Take the line that contains "A stylish reversible" and each line after it to the end of the material below, and return them exactly, minus the pictures.

--- Material provided Enclosed Below ---

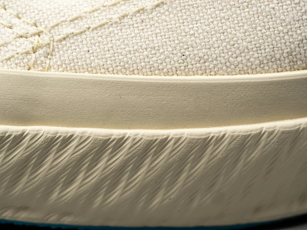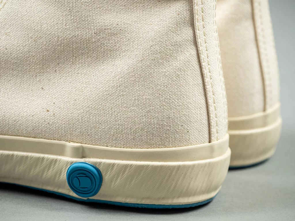 - 100% Kinari Hanpu cotton canvas upper woven in Kojima, using an old Toyoda GL9 shuttle loom.
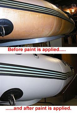 The use and application of flexible paint to hypalon and rubber variant inflatable boats and rib s.
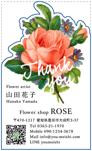 名刺の一部分を好きな形に切り抜いたり、名刺そのものの形を切り抜く事ができます。会社のロゴを切り抜いたり、ハート・星・動物・クラウン・花・果物・リボンの形の名刺…etc とデザインは無限大!
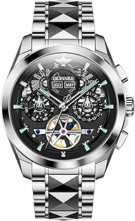 OUPINKE Men Watch Automatic 5 Hands Multi Calendar Year/Month/Week/Date Mechanical 5ATM Waterproof Luxury Tungsten Steel Sapphire Crystal Wrist Watch for Men
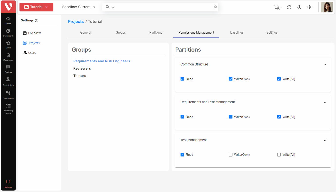 The permissions are defined at project level. Thus, a user of the Visure database may have different permissions on different projects in the Visure database.
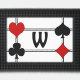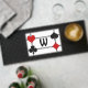 Serve your guests in style at your next Poker Night or Card Party with this bar mat. Featuring an Art Deco inspired original design w/a card playing theme composed of bright red & black card suit symbols (diamond, club, heart & spade) centered where the black thick & thin horizontal & vertical lines of a grid meet, w/a large custom text field for your monogram in the center.
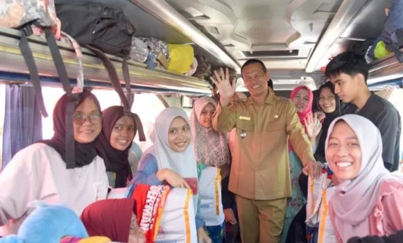 BNEWS - Sebanyak 21 orang mahasiswa program Satu Keluarga Satu Sarjana (Saga Saja) dilepas oleh Wali Kota Pariaman, Genius Umar, hari ini Rabu (9/8/2023) dari halaman Balaikota Pariaman.
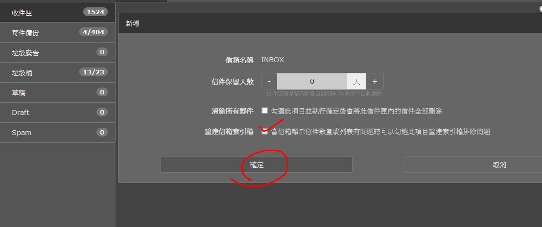 當信箱顯示信件數量或列表有問題時可以勾選此項目重建索引檔排除問題
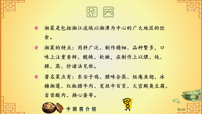 中国菜系介绍PPT。内容包括:菜系简介、烹饪历史、八大菜系、其他菜系、形成原因、制作工艺。使用字体:华文行楷、华文琥珀、华文行楷。
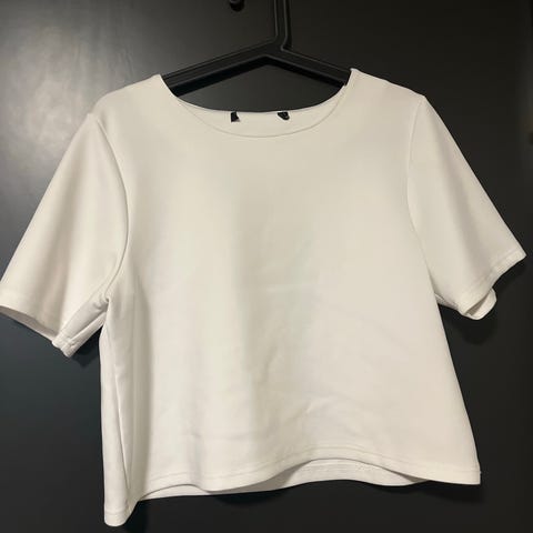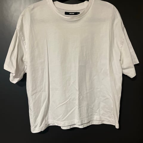 Selger denne pent brukte t-skjorten fra Bik Bok, da jeg har for mange t-skjorter liggende. Jeg bruker selv M i overdeler, men syns Bik Bok har litt små størrelser, og kjøpte derfor denne i L. Passer perfekt.
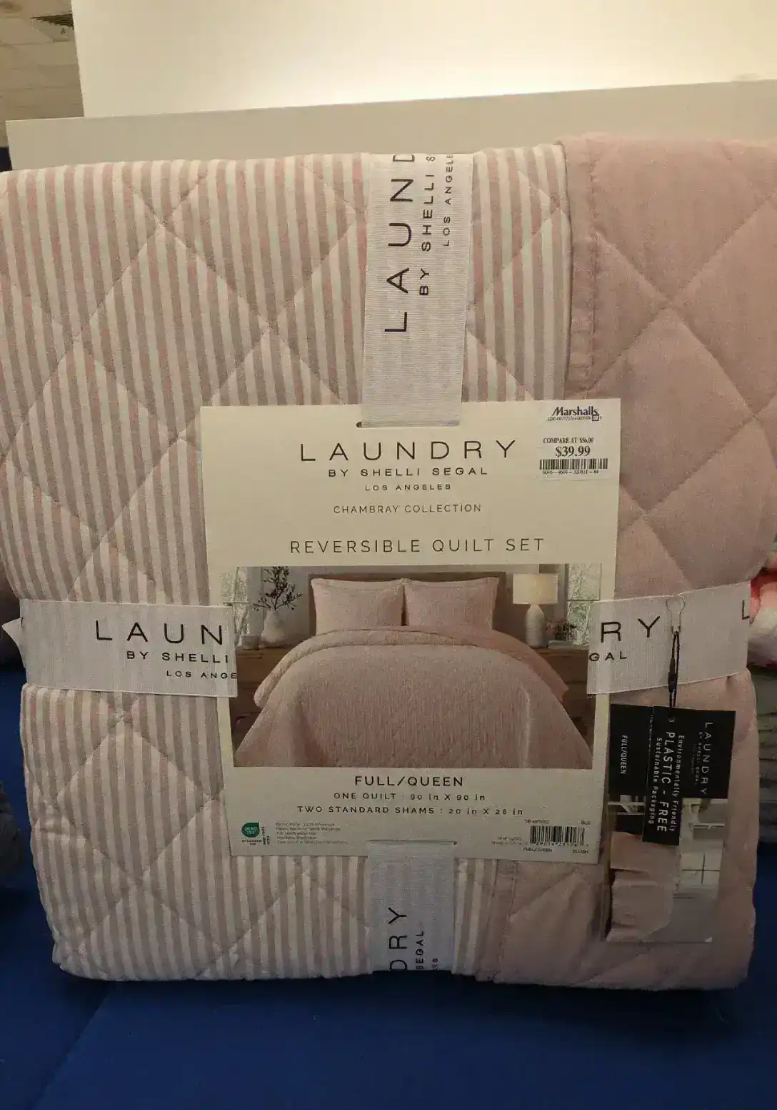 A stylish reversible quilt set featuring a chambray design, perfect for adding a touch of elegance to your bedroom.
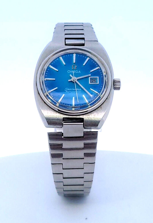 Omega Seamaster Automatic Date Stainless Steel 27mm Blue Dial Vintage Watch
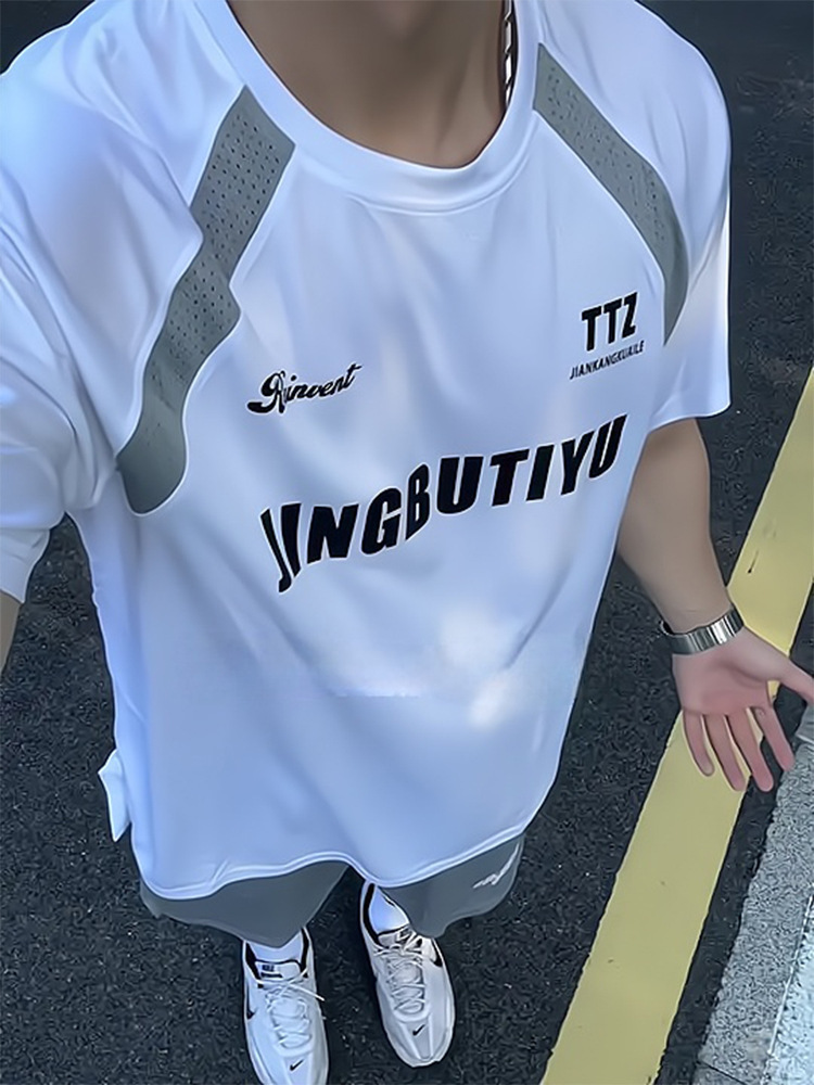 アメリカンレトロアイスシルク速乾性半袖Tシャツメンズサマースポーツフィットネススポーツ学生バスケットボール通気性トレーニング服
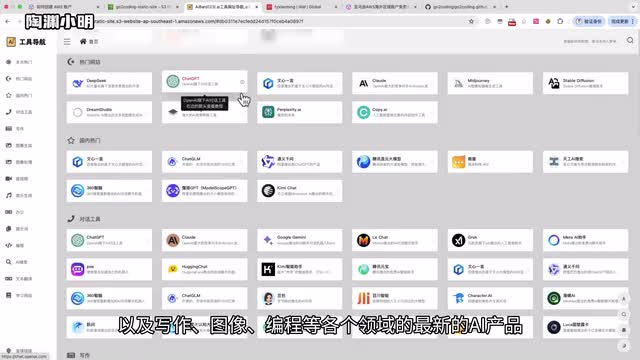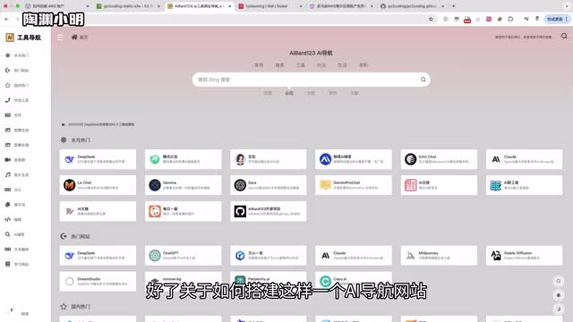 除此之外呢它还有一个a i新闻板块。好了,关于如何搭建这样一个a i导航网站,我们就介绍完了。大家如果有需要可以自己部署一个。感谢大家的观看和点赞支持,我们下期视频再见,谢谢。
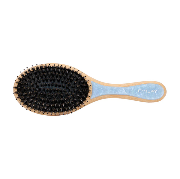 This brush is crafted with precision and features a harmonious blend of nylon bristles for effortless detangling, complemented by boar bristles that provide a glossy finish and help banish flyaways. It effortlessly adapts to the needs of any hair type, making it the ultimate everyday essential for those seeking a flawless and elevated hair care experience.
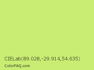 CIELab 89.028,-29.914,54.635 Color is a light lime color and the nearest color is Sulu #c1f07c. Hex code #c9ed73 and RGB value is rgb(201,237,115). In RGB color space, this color is composed of 79% red, 93% green, 45% blue, In CMYK color space, this color is composed of 15% cyan, 0% magenta, 51% yellow , 7% black , In HSL color space, this color has a hue angle of 78° , 77% saturation and 69% lightness.
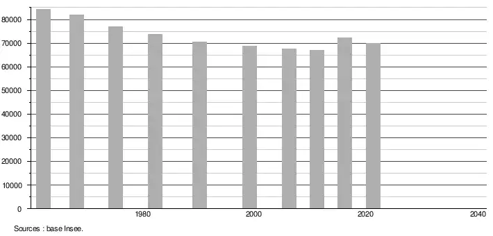 - Population municipale légale en vigueur au 1er janvier 2024, millésimée 2021, définie dans les limites territoriales en vigueur au 1er janvier 2023, date de référence statistique : 1er janvier 2021.
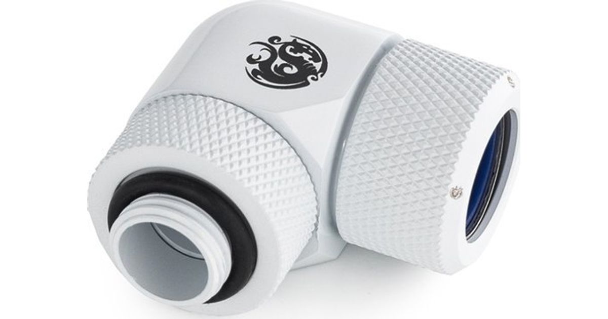 Bitspower Advanced Multi-Link Adapteri ühendus 90 kraadi G1/4 tolli AG kuni 14 mm OD kõva toru – pööratav, valge

--- End of Enclosed Material provided ---

Answer for the task:
 A stylish reversible quilt set featuring a chambray design, perfect for adding a touch of elegance to your bedroom.
 Omega Seamaster Automatic Date Stainless Steel 27mm Blue Dial Vintage Watch
 アメリカンレトロアイスシルク速乾性半袖Tシャツメンズサマースポーツフィットネススポーツ学生バスケットボール通気性トレーニング服
 除此之外呢它还有一个a i新闻板块。好了,关于如何搭建这样一个a i导航网站,我们就介绍完了。大家如果有需要可以自己部署一个。感谢大家的观看和点赞支持,我们下期视频再见,谢谢。
 This brush is crafted with precision and features a harmonious blend of nylon bristles for effortless detangling, complemented by boar bristles that provide a glossy finish and help banish flyaways. It effortlessly adapts to the needs of any hair type, making it the ultimate everyday essential for those seeking a flawless and elevated hair care experience.
 CIELab 89.028,-29.914,54.635 Color is a light lime color and the nearest color is Sulu #c1f07c. Hex code #c9ed73 and RGB value is rgb(201,237,115). In RGB color space, this color is composed of 79% red, 93% green, 45% blue, In CMYK color space, this color is composed of 15% cyan, 0% magenta, 51% yellow , 7% black , In HSL color space, this color has a hue angle of 78° , 77% saturation and 69% lightness.
 - Population municipale légale en vigueur au 1er janvier 2024, millésimée 2021, définie dans les limites territoriales en vigueur au 1er janvier 2023, date de référence statistique : 1er janvier 2021.
 Bitspower Advanced Multi-Link Adapteri ühendus 90 kraadi G1/4 tolli AG kuni 14 mm OD kõva toru – pööratav, valge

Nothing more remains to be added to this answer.